Entire populations are being internally displaced. Many are likely to end up seeking asylum in Europe or anywhere that offers a modicum of peace and prosperity. A reverse journey is also being made; young men from the West are going to secret ISIS training camps to join the fight against the ruthless Bashar al-Assad in Syria and the hapless regime of Nouri al-Maliki in Iraq. Their leader and secretive poster boy, Abu Bakr al-Baghdadi, wants to establish a caliphate incorporating large chunks of both countries, both of which are artificial constructs courtesy of the British and French a century ago. From there, he hopes to extend further in the Middle East and beyond.
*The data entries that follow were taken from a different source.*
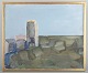 Et modernistisk landskabsmaleri med geometrisk-abstrakte former og en monumental bygning centralt i kompositionen. De brede penselstrøg og afdæmpede farver understøtter værkets stoflige og arkitektoniske udtryk.
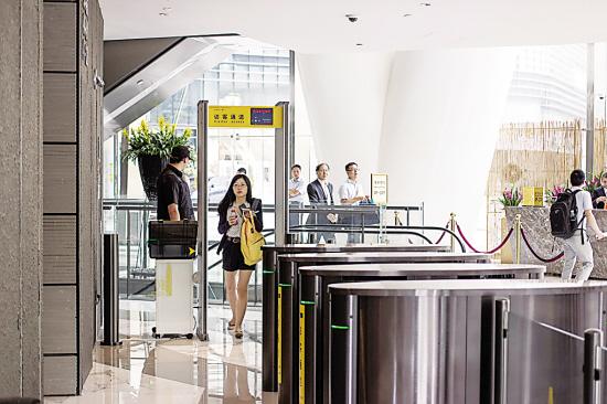 前去富力中心办签证的白领注意了,如果大包小包前往,很可能会被金属探测器“嘀”一下才能进写字楼。不久前,富力地产旗下位于珠江新城的多个写字楼全面升级安保,安保升级最大的变化是,各个门岗处都有工作人员手持金属探测器随时准备检查白领的随身物品。
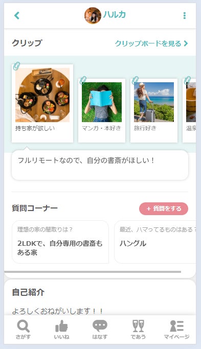 ▼プロフィールなどでお相手の理想の住まいが分かる
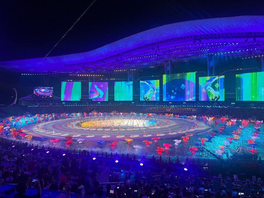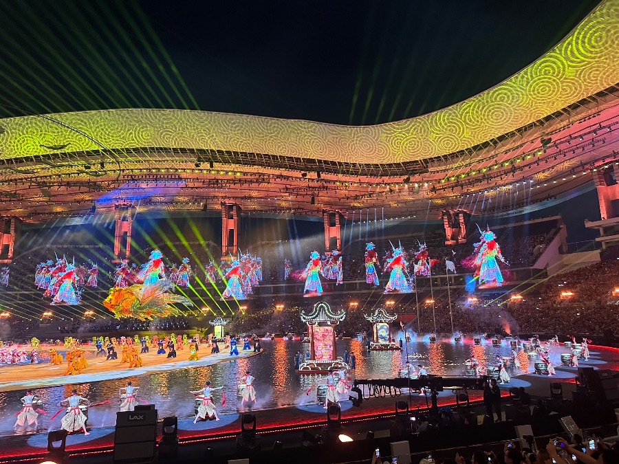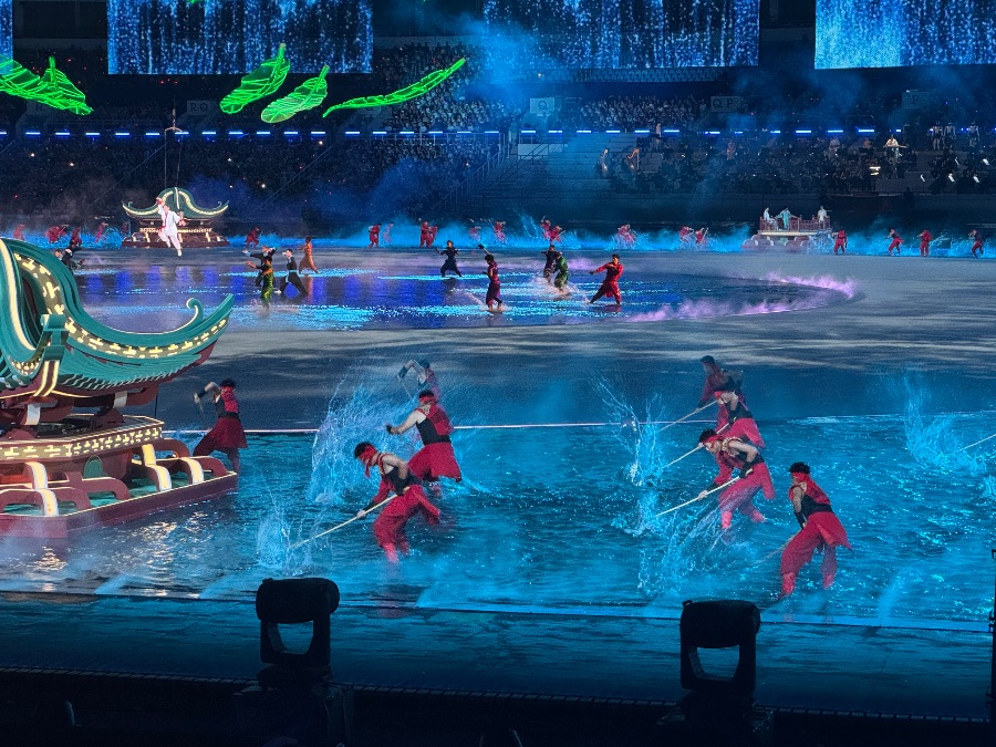 粵港澳大灣區的城市均臨海靠水、因水而興。本次開幕式表演以水作為核心表達,水的元素以不同形式呈現貫穿全場,并在體育場內打造了水舞臺。

The next brand of global terrorism will have ISIS competing with al-Qaeda.

Maliki, who has declared a state of emergency, is the author of much of his country’s misfortune. He has pursued a sectarian agenda against the minority Sunni population, turning his forces on largely peaceful protesters and forcing the vice-president out of the country (and slapping a death sentence on him, to boot). A Shi’ite with close links to Iran, he purged Sunnis from his government and disbanded some of their more moderate militias, breaking a promise to incorporate them into his regular army.

Any analysis of what has gone wrong in Iraq inevitably begins with George W Bush and Tony Blair. Bush went to war to settle scores with Saddam Hussein on behalf of his father, who failed to remove him during the first war in 1991. Regime change was his goal and he was open about it. Blair’s aim was the same but he was required to use sleights of hand to secure the legal authority he required. The rest is dodgy dossiers, non-existent weapons of mass destruction and history.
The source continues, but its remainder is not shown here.